The bin.list (0.021168 megabytes) takes up more memory than the bin.matrix (0.001536 megabytes). The list requires more memory than the matrix because it has a non-continuous memory meaning it allocates extra memory to store pointers before and after an element.

Going big with lists

R’s capacity for data storage and computation is very large compared to what was available 10 years ago. The following code generate 5 million numbers from \(\mathrm{Bin}(1 \times 10^6, 0.5)\) distribution and store them in a vector called big.bin.draws.

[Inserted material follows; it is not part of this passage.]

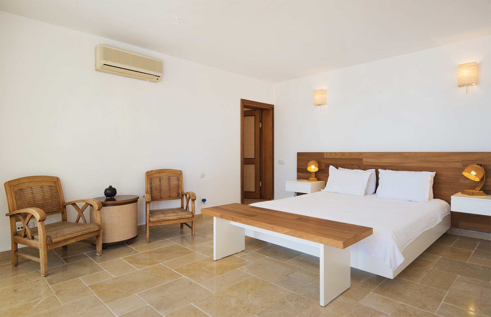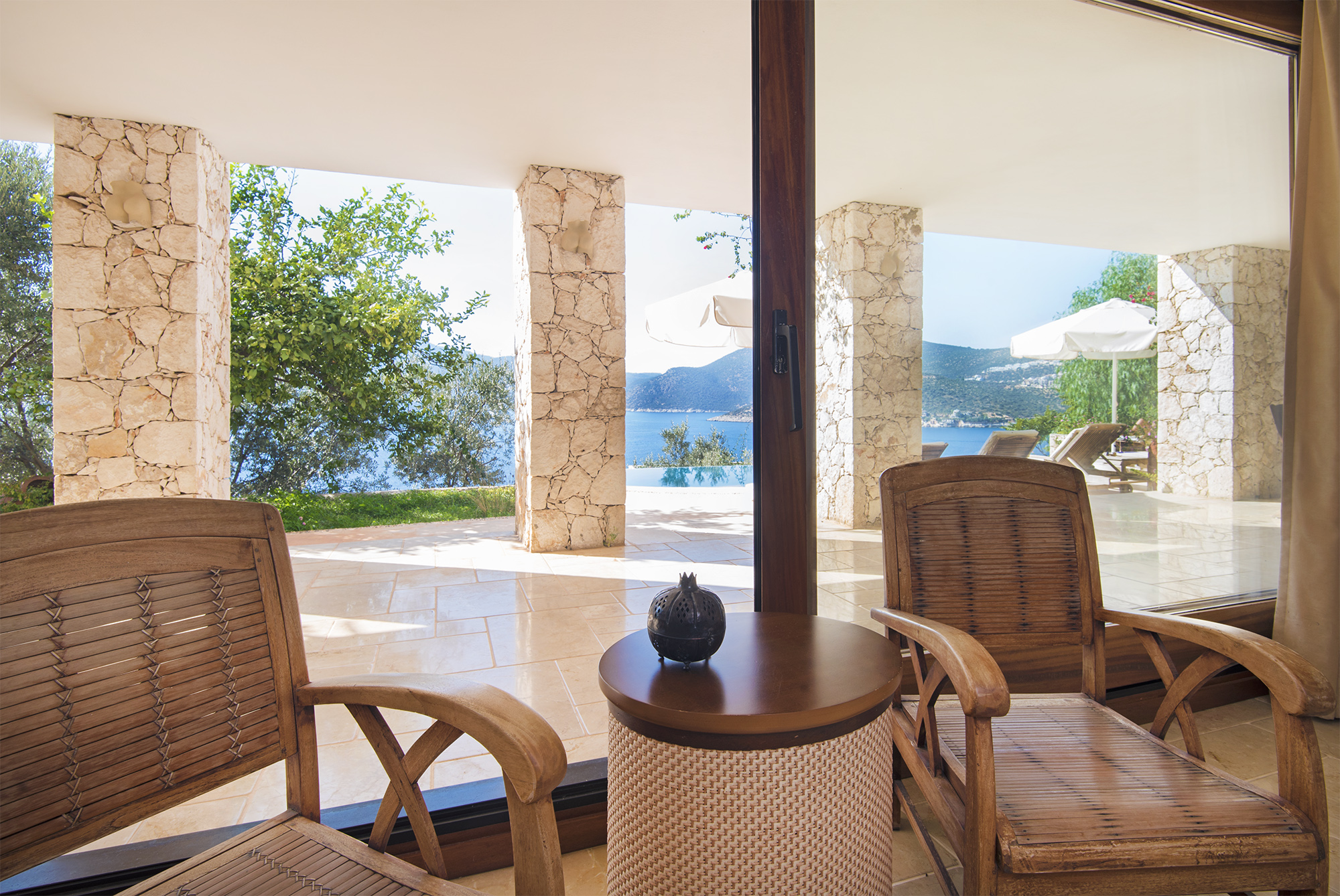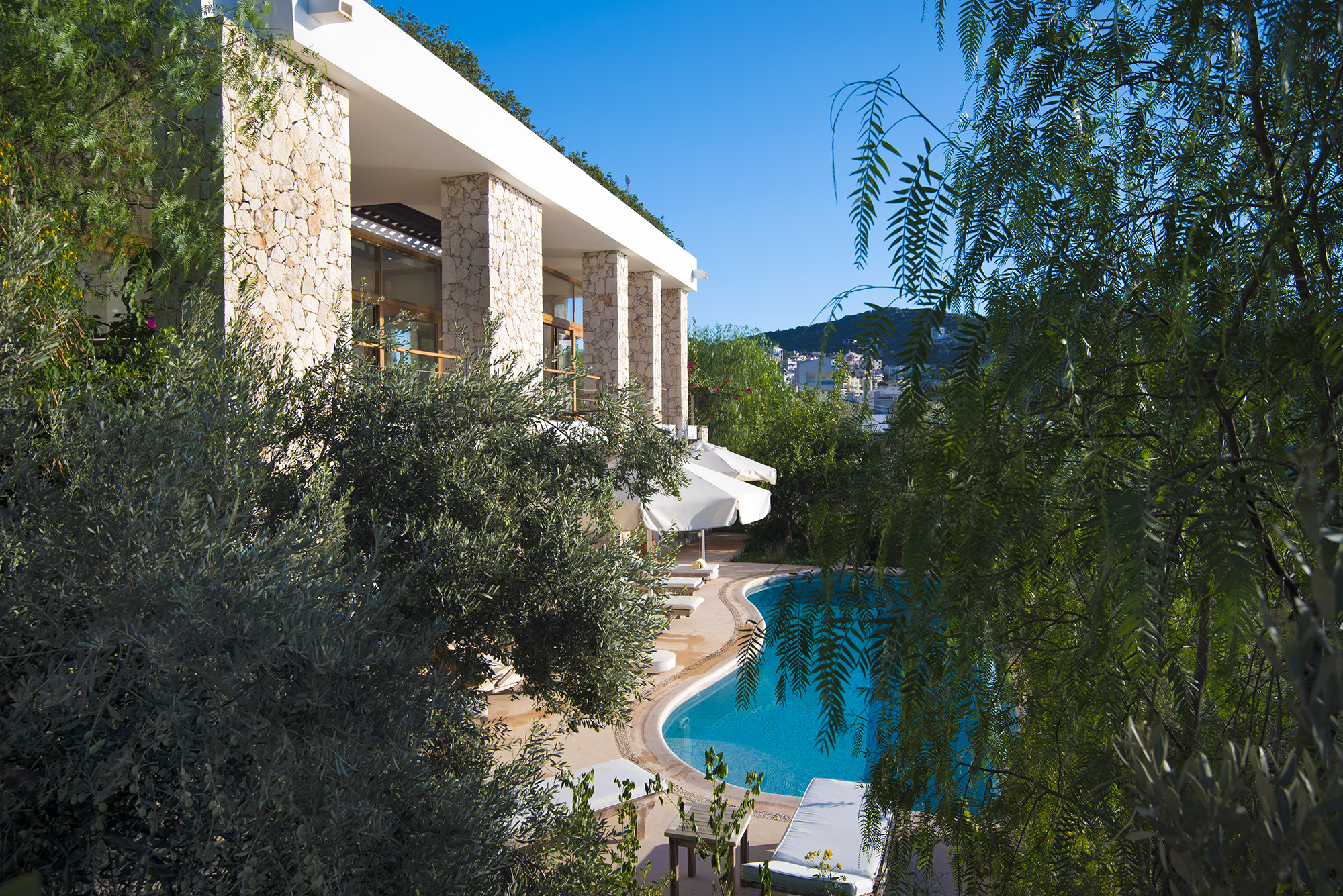The architecture is very clever; from the interior the huge glass windows make it appear that you are suspended in the view, whilst from the sea you can appreciate what a solid building this is. The pale stone huge vertical columns frame the views. Every room is spacious and takes full advantage of the panoramic outlook. The style is contemporary and at the same time comfortable, but with a nod to the traditional in the form of exquisite hand crafted Turkish kilims.

big.bin.draws <- rbinom(n = 5e6, size = 1e6, prob = 0.5)
  1. Create a new vector, called big.bin.draws.standardized, which is given by taking big.bin.draws, subtracting off its mean, and then dividing by its standard deviation. Calculate the mean and standard deviation of big.bin.draws.standardized. (These should be 0 and 1, respectively, or very close to it; if not, you’ve made a mistake somewhere).
big.bin.draws.standardized <- ((big.bin.draws)-mean(big.bin.draws)/sd(big.bin.draws))
mean(big.bin.draws) # mean
## [1] 499999.7
sd(big.bin.draws) # sd
## [1] 500.1553
  1. Convert big.bin.draws into a list using as.list() and save the result as big.bin.draws.list. Check that you indeed have a list by calling class() on the result. Check also that your list has the right length, and that its 1159th element is equal to that of big.bin.draws.
big.bin.draws.list <- as.list(big.bin.draws)
class(big.bin.draws)
## [1] "integer"
length(big.bin.draws)
## [1] 5000000
big.bin.draws.list[1159]
## [[1]]
## [1] 499202
as.list(big.bin.draws[1159])
## [[1]]
## [1] 499202
  1. Run the code below, to standardize the binomial draws in the list big.bin.draws.list. Note that lapply() applies the function supplied in the second argument to every element of the list supplied in the first argument, and then returns a list of the function outputs. (We’ll learn much more about the apply() family of functions later in the course.) Did this lapply() command take longer to evaluate than the code you wrote in part a? (It should have; otherwise your previous code could have been improved, so go back and improve it.) Why do you think this is the case?
big.bin.draws.mean = mean(big.bin.draws)
big.bin.draws.sd = sd(big.bin.draws)
standardize = function(x) {
  return((x - big.bin.draws.mean) / big.bin.draws.sd)
}
big.bin.draws.list.standardized.slow = lapply(big.bin.draws.list, standardize)

The lapply() command did take longer to evaluate. I think this is the case because this command applies a function to elements of a list or vector and that routine likely explains the longer evaluation time.

  1. Find the number of bytes used to store big.bin.draws and big.bin.draws.list. How many megabytes (MB) is this, for each object? Which object requires more memory, and why do you think this is the case? Discuss any additional observations compared to part f of the previous question.
object.size(big.bin.draws)
## 20000048 bytes
object.size(big.bin.draws.list)
## 320000048 bytes

big.bin.draws has 20.000048 MB and big.bin.draws.list has 320.000048 MB. The list object requires more memory because it is not an integer like big.bin.draws is. The list has to allocate memory to each particular element that it entails, before and after each element.